Four students at the University of Bristol open up about how the Holocaust has affected them and their families

Emma Russell

I don’t remember the first time I learnt about the Holocaust, but rather, I feel that I have always known about it. Alongside fairy tales and lullabies, my family spoke of the horrors of the Holocaust. My grandma had the misfortune of growing up in Poland during the 1930s and experienced the brutality of anti-Semitism and increasing popularity towards the Nazis. Kicked out of school for being Jewish, living in hiding before being transferred to the Krakow ghetto, and saying goodbye to her father, my great-grandfather, as he boarded the train to Auschwitz are bleak, yet prominent memories in my grandmother’s childhood. I have always been taught about the tragedies of the Holocaust and the importance of respect and tolerance towards those who are different to myself. I am encouraged to embrace the freedom I enjoy living in the UK as a Jew, and feel a sense of pride as being a ‘3rd generation Holocaust survivor’.

Joel Freedman

Holocaust Memorial Day is a day of extreme importance. On this day we remember the genocide of Jews and other minority groups during WWII. I believe that the commemoration of genocide must not end with the Holocaust. This day should inspire us to remember all genocides against all minorities. I have always found it problematic that the West only recalls the horrors of the Holocaust and ignores all other genocides. Surely the tragedies that befall: Rwanda, Armenia, Bosnia and Cambodia deserve to be respected? Holocaust Memorial Day must be a day of education. How can we mourn on this day without acknowledging that genocides are happening right now, in: Darfur, Myanmar, the Central African Republic, Yemen, South Sudan and Syria? On this Holocaust Memorial Day, do not let these atrocities go unnoticed – please educate yourself.

Sabrina Miller

The Holocaust is in the DNA of my community. The Jewish school that I attended saw it their duty to teach us about the Holocaust and offered Year 12 students a trip to Poland. Every single student in my year attended. For a week we travelled from death camp to death camp, mass grave to mass grave, mourning the unnamed victims. As someone whose family was not directly affected by the Holocaust, I was horrified to see my friends searching for their relatives in the log books of Auschwitz. We walked down the infamous train tracks of Auschwitz, sat in the gas chambers of Majdanek, and mourned at the ruins of Treblinka. Sitting in a gas chamber; walls worn with scratch marks; bricks stained blue with gas, was a surreal experience. 100 Jewish students crowded inside the chamber, caged in by four walls sang “עמ ישראל חי” (the Jewish people live on).
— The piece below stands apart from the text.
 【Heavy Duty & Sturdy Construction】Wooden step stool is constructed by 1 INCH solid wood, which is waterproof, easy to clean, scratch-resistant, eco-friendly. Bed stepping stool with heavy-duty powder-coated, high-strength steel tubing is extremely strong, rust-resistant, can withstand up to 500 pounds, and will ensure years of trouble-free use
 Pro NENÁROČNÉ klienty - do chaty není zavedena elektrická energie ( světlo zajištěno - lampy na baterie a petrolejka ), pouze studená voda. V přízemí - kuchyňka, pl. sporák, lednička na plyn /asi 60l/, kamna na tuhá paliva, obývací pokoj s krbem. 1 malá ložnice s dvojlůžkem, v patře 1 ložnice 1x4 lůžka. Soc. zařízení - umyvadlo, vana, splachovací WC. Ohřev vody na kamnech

We then did something our grandparents never could; we walked out of Auschwitz.

Nina Freedman

It can be difficult for us to connect to the atrocities of history. Hearing an arbitrary number such as six million is certainly shocking but it is as unrecognisable to a millennial as the faces of forgotten victims. So how do we try and relate to the victims of the Holocaust with the number of survivors rapidly dwindling? When I visited Auschwitz with my school, the only thing that could help me make sense of what I had seen was an anthology of Holocaust poetry. The beautiful art forms that can emerge out of a time of such darkness and terror are truly inspirational and reading the poetry penned in the bowels of the concentration camps is chilling. For me, the best way to forge a personal connection with the Holocaust is to listen to the voices of its victims and wonder how they were inspired, in a time of such darkness, to create such art.
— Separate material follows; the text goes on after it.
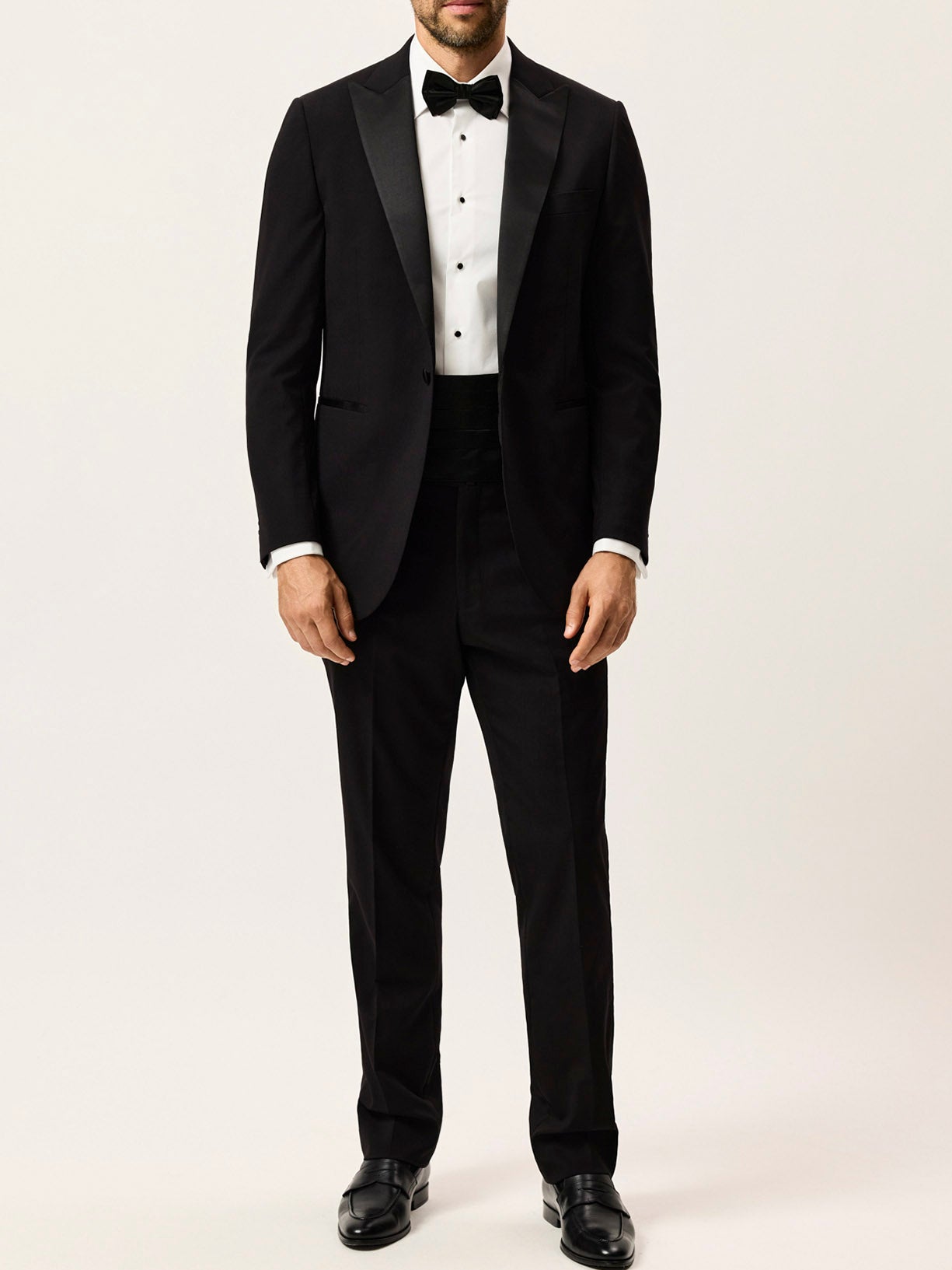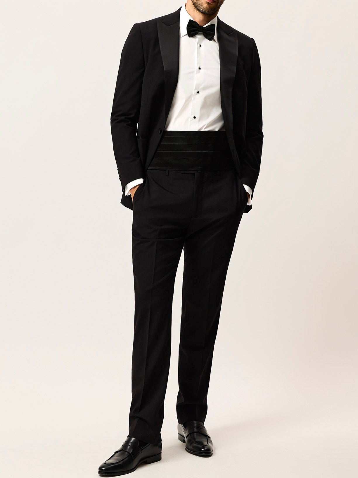 Party line ICON tuxedo suit expertly tailored from blend wool and spandex. Features a coat with satin peak lapels. One-fabric button fastening and four-button detail on the sleeves, two side welt pockets, a chest pocket, three interior pockets and two openings on the back. Trousers with zip and invisible button fastening. Features waist with belt loops. Satin side detail. This tuxedo is a party piece that will earn you sartorial points season-after-season.
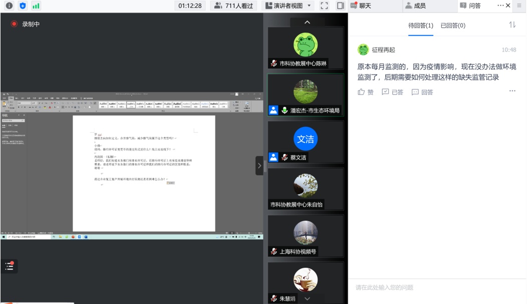 互动答疑环节,专家就“排污许可证变更申请和提交”、“企业复工复产排污许可自行监测”等具体问题,为大家进行了进一步解答。

On 12 February the University of Bristol’s JSOC and History society in partnership with the SU have organized an event to remember the Holocaust. The BME network, LGBTQ+ network and disabled network are also supporting the event and representing the other groups targeted by the Nazis during the Holocaust. The university will hear from Holocaust survivor John Dobai who will speak about his experiences in Budapest during WW2 and how he survived the Holocaust.